> [Provided material]:
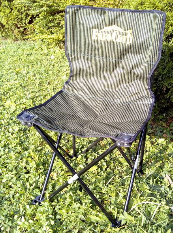 Kisméretű, összecsukható horgásszék.  Mérete: Magasság: 32,5 cm Ülőlap: 34 * 28 cm Háttámla magassága: 30 cm
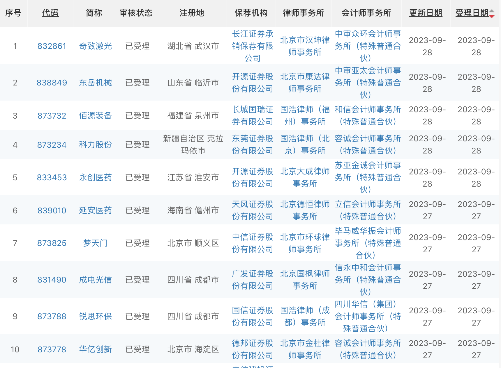 除此外,北交所方面,节前一周更直接新受理了10家公司的申请。9月来北交所共计新受理了16家公司的申请。
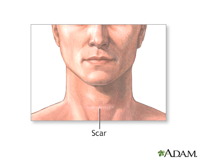 Parathyroid gland removalRemoval of parathyroid gland; Parathyroidectomy; Hyperparathyroidism - parathyroidectomy; PTH - parathyroidectomyParathyroidectomy is surgery to remove the parathyroid glands or parathyroid tumors. The parathyroid glands are right behind your thyroid gland in your neck. These glands help your body regulate the calcium level in your blood. Description You will receive general anesthesia (asleep and pain-free) for this surgery. General anesthesiaGeneral anesthesia is treatment with certain medicines that puts you into a deep sleep-like state so you do not feel pain during surgery. After you ...Read Article Now Book Mark Article Usually the parathyroid glands are removed using a 2 to 4 inch (in) or 5 to 10 centimeters (cm) surgical cut on your neck. During surgery:The cut is usually made in the center of your neck just under your Adam's apple. Your surgeon will look for the four parathyroid glands and remove any that are diseased. You may have a special blood test during surgery that will tell if all the diseased glands were removed. In rare cases, when all four of these glands need to be removed, part of one is transplanted into the forearm. Or, it is transplanted into a muscle in the front of your neck next to the thyroid gland. This helps ensure your body's calcium level stays at a healthy level. The specific type of surgery depends on where the diseased parathyroid glands are. Types of surgery include:Minimally invasive parathyroidectomy. You may receive a shot of a very small amount of radioactive tracer before this surgery. This helps highlight the diseased glands. If you have this shot, your surgeon will use a special probe, like a Geiger counter, to locate the parathyroid gland. Your surgeon will make a small cut (1 to 2 in; or 2.5 to 5 cm) on one side of your neck, and then remove the diseased gland through it. This procedure takes about 1 hour. Video-assisted parathyroidectomy. Your surgeon will make two small cuts in your neck. One is for instruments, and the other is for a scope with a camera. Your surgeon will use the camera to view the area and will remove the diseased glands with the instruments. Endoscopic parathyroidectomy. Your surgeon will make two or three small cuts in the front of your neck and one cut above the top of your collarbone. This reduces visible scarring, pain, and recovery time. This cut is less than 2 in (5 cm) long. The procedure to remove any diseased parathyroid glands is similar to video-assisted parathyroidectomy. Why the Procedure Is Performed Your health care provider may recommend this surgery if one or more of your parathyroid glands is producing too much parathyroid hormone. This condition is called hyperparathyroidism. It is often caused by a small non-cancerous (benign) tumor called an adenoma.HyperparathyroidismHyperparathyroidism is a condition in which 1 or more of the parathyroid glands in your neck produce too much parathyroid hormone (PTH).ImageRead Article Now Book Mark Article Your surgeon will consider many factors when deciding whether to do surgery and what type of surgery would be best for you. Some of these factors are: Your age Calcium levels in your urine and blood Whether you have symptoms Risks Risks of anesthesia and surgery in general are:Reactions to medicines or breathing problems Breathing problemsBreathing difficulty may involve:Difficult breathing Uncomfortable breathingFeeling like you are not getting enough airImageRead Article Now Book Mark Article Bleeding, blood clots, or infection BleedingBleeding is the loss of blood. Bleeding may be:Inside the body (internal)Outside the body (external)Bleeding may occur:Inside the body when blood le...ImageRead Article Now Book Mark Article Blood clotsBlood clots are clumps that occur when blood hardens from a liquid to a solid. A blood clot that forms inside one of your veins or arteries is calle...ImageRead Article Now Book Mark Article Risks of parathyroidectomy are:Injury to the thyroid gland or the need to remove part of the thyroid gland. Hypoparathyroidism (parathyroid glands not producing enough parathyroid hormone). This can lead to low calcium levels that are dangerous to your health. HypoparathyroidismHypoparathyroidism is a disorder in which the parathyroid glands in the neck do not produce enough parathyroid hormone (PTH).ImageRead Article Now Book Mark Article Injury to the nerves going to the muscles that move your vocal cords. You may have a hoarse or weaker voice which could be temporary or permanent. Difficulty breathing. This is not common and usually goes away several weeks or months after surgery. Before the Procedure Parathyroid glands are very small. You may need to have tests that show exactly where your glands are. This will help your surgeon find your parathyroid glands during surgery. Two of the tests you may have are a CT scan and an ultrasound. Sometimes your surgeon will order a nuclear medicine scan, known as a Sestamibi scan prior to your surgery to locate all of the parathyroid glands.CT scanA computed tomography (CT) scan is an imaging method that uses x-rays to create pictures of cross-sections of the body. Related tests include:Abdomin...ImageRead Article Now Book Mark Article UltrasoundUltrasound uses high-frequency sound waves to make images of organs and structures inside the body.ImageRead Article Now Book Mark Article Tell your surgeon or nurse if:You are or could be pregnant You are taking any medicines, including medicines, supplements, or herbs you bought without a prescriptionDuring the week before your surgery:You may be asked to temporarily stop taking medicines that keep your blood from clotting. These medicines are called blood thinners. This includes over-the-counter medicines and supplements such as aspirin, ibuprofen (Advil, Motrin), naproxen (Aleve, Naprosyn), and vitamin E. Many prescription medicines are also blood thinners. Ask your surgeon which medicines you should still take on the day of surgery.

> [Problem]: The response should consist of the lines above from the first through the one containing "除此外,北交所方面,节前一周", transcribed exactly, with every picture left out.

> [Your solution]:
 Kisméretű, összecsukható horgásszék.  Mérete: Magasság: 32,5 cm Ülőlap: 34 * 28 cm Háttámla magassága: 30 cm
 除此外,北交所方面,节前一周更直接新受理了10家公司的申请。9月来北交所共计新受理了16家公司的申请。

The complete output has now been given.